Touted as one of the largest ever consolidation deal in Indian telecom sector, RCom and Aircel had signed binding agreements in September 2016 for the merger of RCom’s mobile businesses with Aircel. But with Supreme Court still looking up a 2005 case on Aircel’s acquisition by Maxis, Department of Telecom (DoT) denied permission for the merger. Even creditors including Ericsson, Indus Towers and China Development Bank strongly objected the merger at the National Corporate Law Tribunal (NCLT).
“The unprecedented competitive intensity in the Indian telecom sector, together with fresh policy directives adversely impacting bank financing for this sector, have also seriously affected industry dynamics. As a result of the various factors aforesaid, the merger agreement has lapsed. The Board approved the same” said RCom in a statement.
What’s next for RCom?
RCom’s earlier merger with Shyam Sistema is expected to be completed this month. The addition of Shyam Sistema spectrum holding in the 800-850 megahertz (MHz) band would strengthen RCom’s portfolio by 30 Mhz. This will also extend operators spectrum validity period in eight important circles in the country till 2033.
The board of directors has decided that RCom would evaluate an alternate plan for its mobile business. That’s by further optimising its spectrum portfolio. RCom already has spectrum across the 800 Mhz, 900 Mhz, 1,800 Mhz and 2,100 Mhz spectrum bands, aggregating 200 Mhz. The company will evaluate opportunities for monetization of the same through trading and sharing arrangements. The company is also looking to adopt a 4G-focused mobile strategy.
“RCom already has the unique advantage of capital light access to India’s most extensive world-class nationwide 4G mobile network through spectrum sharing and ICR Agreements with Reliance Jio,” said RCom in a statement.

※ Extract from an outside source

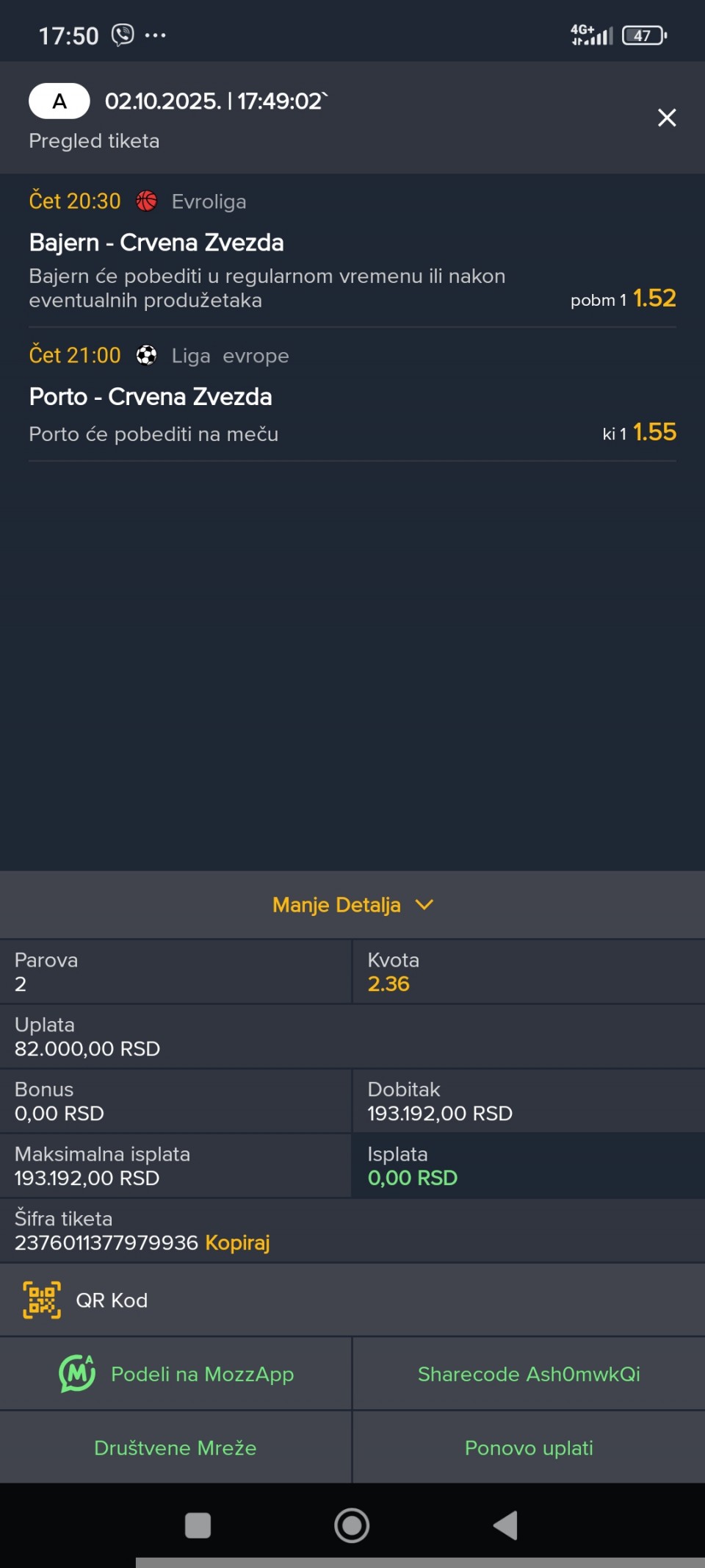 Mislim ako odigram istu tekmu na vise tiketa da li se svaki tiket racuna

Further, to strengthen its financials and reduce debts, RCom would also sell real estate worth Rs 10,000 crore. As on March 2017, the telecom operator’s loan were more than Rs 45,733 crore. It has signed a deal with Indian banks, where the lenders had agreed to convert part of their loans into equity.
What’s next for Aircel?
Aircel is looking to start an independent debt restructuring programme (SDR), as it has a debt of over Rs 20,000 crore.
The operator plans what Telenor couldn’t achieve, a smaller but profitable operation as a niche player in a limited number of telecom circles. The operator’s South Indian operations and some telecom circles in North are already generating profit at an operating level.